Acta Phys. -Chim. Sin. ›› 2013, Vol. 29 ›› Issue (04): 754-762.doi: 10.3866/PKU.WHXB201302063


Isomerization Mechanismof Xylene Catalyzed by H-ZSM-5 Molecular Sieve

LI Ling-Ling1, NIE Xiao-Wa1,2, SONG Chun-Shan1,3, GUO Xin-Wen1   

  1. 1 State Key Laboratory of Fine Chemicals, PSU-DUT Joint Center for Energy Research, School of Chemical Engineering, Dalian University of Technology, Dalian, 116024, China;
    2 Department of Chemical & Biomolecular Engineering, The Ohio State University, Columbus, OH 43210, USA;
    3 EMS Energy Institute, PSU-DUT Joint Center for Energy Research and Department of Energy & Mineral Engineering, Pennsylvania State University, University Park, PA 16802, USA
  • Received:2012-12-04 Revised:2013-02-05 Published:2013-03-25
  • Supported by:

    The project was supported by the Programfor New Century Excellent Talent in University, China (NCET-04-0268) and High Performance Computing Department of Network and Information Center, Dalian University of Technology, China.

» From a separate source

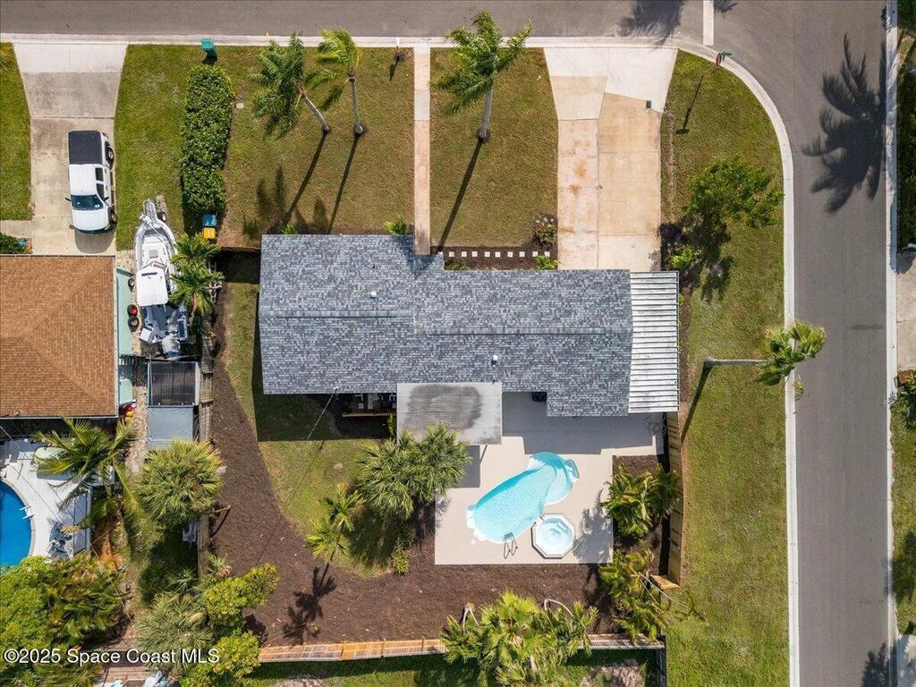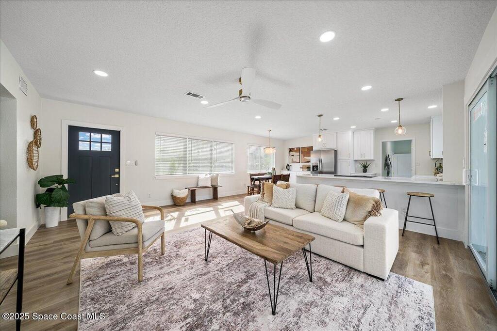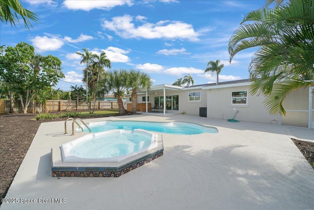 Completely renovated coastal pool home in Satellite Beach! This 4-bed, 2-bath home has been redesigned from top to bottom with new plumbing (including cast-iron drains), air ducts, hot water heater, flooring, doors, and paint inside and out. The open floor plan showcases brand-new hurricane-impact windows and sliders, wood-look LVP flooring, and a designer kitchen with quartz waterfall island, floating wood shelves, and all-new stainless appliances. Both bathrooms feature custom-tiled showers, modern vanities, and gold fixtures. Enjoy the flexible bonus bedroom, perfect for an office, playroom, or fitness space--and the convenience of indoor laundry. Step outside to a newly refinished pool, covered lanai, and tropical landscaping with upgraded irrigation, new well system, and pool pump. Every detail has been done, just blocks from the beach, parks, and top-rated schools

The isomerization mechanism of xylene over H-ZSM-5 molecular sieve has been examined using the density functional theory (DFT) and our own-N-layered integrated molecular orbital+molecular mechanics (ONIOM) methods. The structures of intermediate species and transition states are described. The adsorption of reactant and desorption of product significantly affect the tendency of xylene to isomerize. Calculated activation energies suggest that isomerization occurs during the formation of meta-xylene within the extended pore structure of H-ZSM-5 molecular sieve. However, the produced meta-xylene is retained within the pore because of a high desorption energy, and further isomerization to form para-xylene is kinetically favorable. The acid sites within the pores of the molecular sieve allow selective formation of para-xylene. On the external surface of H-ZSM-5 molecular sieve, which lacks the steric constraints of the extended pore structure, xylene isomerizes to form meta-xylene, which can readily desorb from the active site. Such non-selective isomerization decreases the selectivity for para-xylene. Thus, external surface modification of H-ZSM-5 molecular sieve should suppress the non-selective isomerization of xylene, thereby increasing the selectivity for para-xylene by restricting isomerization to inside the pores of the molecular sieve. Calculated relative reaction rate constants for xylene isomerization also indicate that xylene isomerization occurring on the external surface of H-ZSM-5 with meta-xylene as the product has the highest reaction rate. The selectivity for para-xylene is decreased as the reaction temperature is increased.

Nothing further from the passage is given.